Le vecteur lentiviral utilisé dans cet essai clinique de phase I/II a été mis au point par l’équipe dirigée par le Pr Philippe Leboulch. Ce vecteur permet la synthèse d’une forme modifiée de la chaîne beta-globine (betaT87Q), modification génétique qui a un double intérêt: elle lui confère une propriété anti-polymérisante comparable à celle de la chaîne gamma de l’hémoglobine fœtale (HbF) chez les patients drépanocytaires et permet son dosage spécifique dans le sang des patients traités. En effet la chaîne betaT87Q-globine peut être distinguée des autres chaînes de globines par chromatographie liquide sous haute pression, en particulier de la chaîne beta-globine issue de l’hémoglobines adulte (HbA), produite de manière endogène chez les patients beta-thalassémiques porteurs de mutations beta+ et présente dans les globules rouges transfusés.
1/Les cellules souches hématopoïétiques sont nichées dans la moelle osseuse et sont à l'origine des différentes cellules du sang : les globules rouges, les globules blancs et les plaquettes.
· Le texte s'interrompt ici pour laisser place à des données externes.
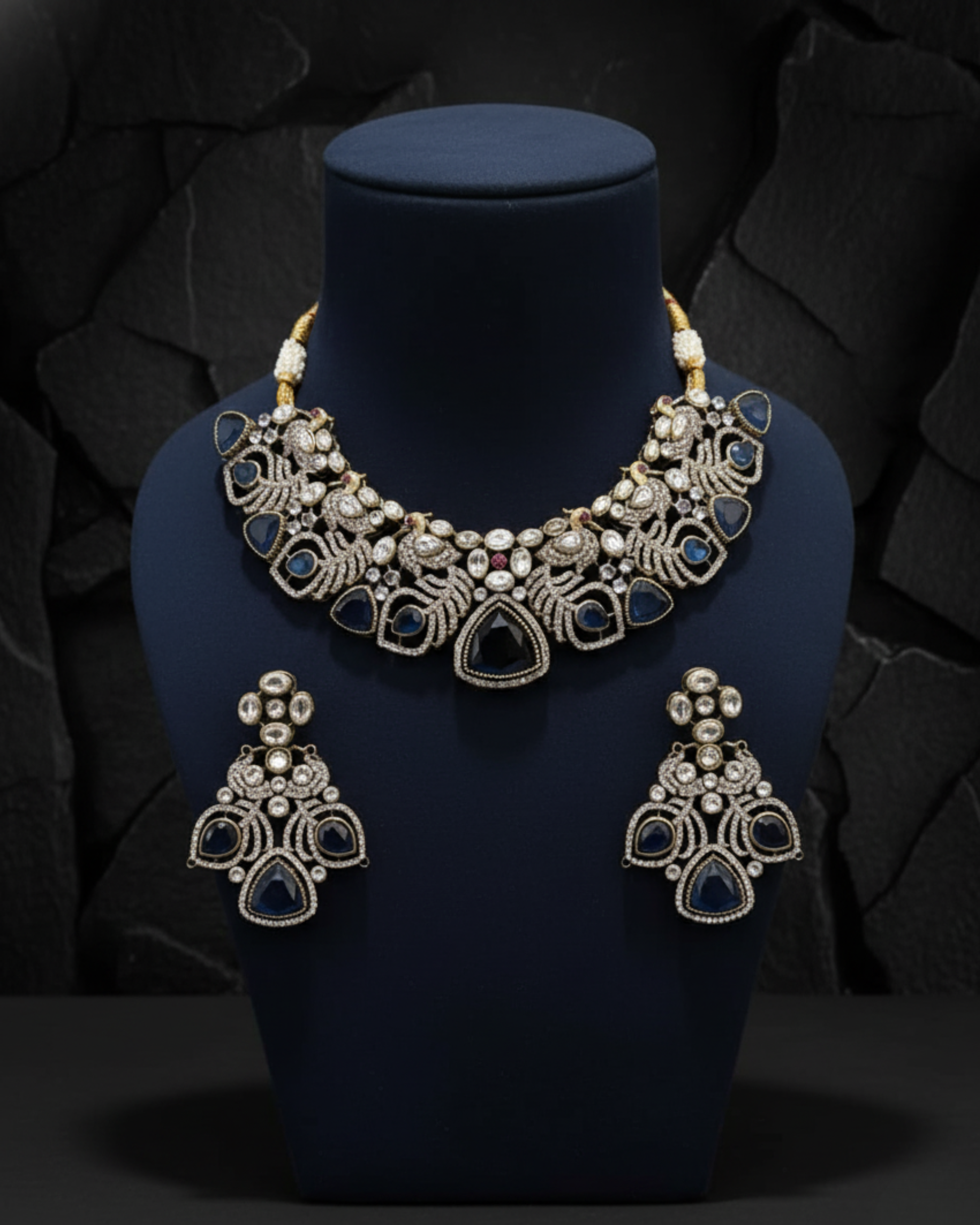The Vanshika Heirloom Set is a magnificent blend of traditional artistry and regal charm. Adorned with intricate detailing and statement motifs, this handcrafted masterpiece reflects timeless beauty passed down through generations. The choker’s exquisite design sits gracefully on the neckline, complemented by matching earrings that add a royal finishing touch — perfect for brides and connoisseurs of heritage elegance.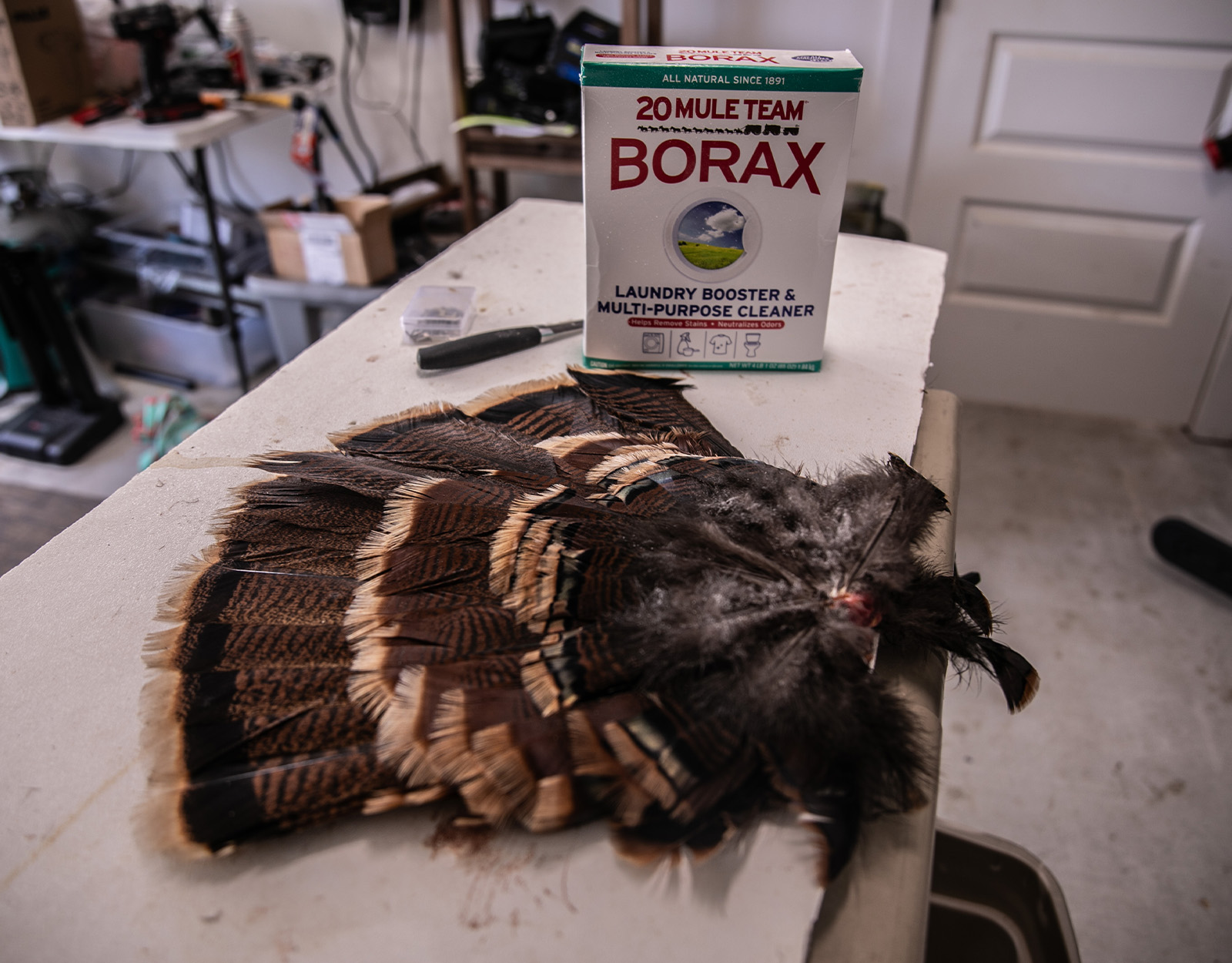As an optional step for preparation, some hunters like to soak the fleshy part of the fan in a coffee can containing Coleman white gas for about an hour to help degrease the tail. After soaking for an hour, remove the fan and wash the part that was soaked with Dawn dish soap, and then use a hair dryer on Low/Medium heat to dry the feathers. This will help the feathers fluff after being washed.

2/L’ensemble de signes cliniques pathologiques qui caractérisent une maladie.
3/Il s’agit d’une pathologie souvent héréditaire qui atteint les globules rouges avec, in fine, une réduction pathologique de leur nombre incompatible avec la vie et nécessitant des transfusions sanguines régulières dont la fréquence est dictée par le niveau d’Hémoglobine et les symptômes cliniques.
4/Il s’agit des navettes d’informations génétiques dans le noyau des cellules dérivées du virus HIV-1 auquel on a enlevé les éléments génétiques qui lui permettent de se répliquer et de donner la maladie infectieuse dont il est responsable. Les éléments qui leur permettent de franchir la membrane nucléaire et de s’intégrer d’une façon stable dans le génome des cellules cibles ont en revanche été conservés.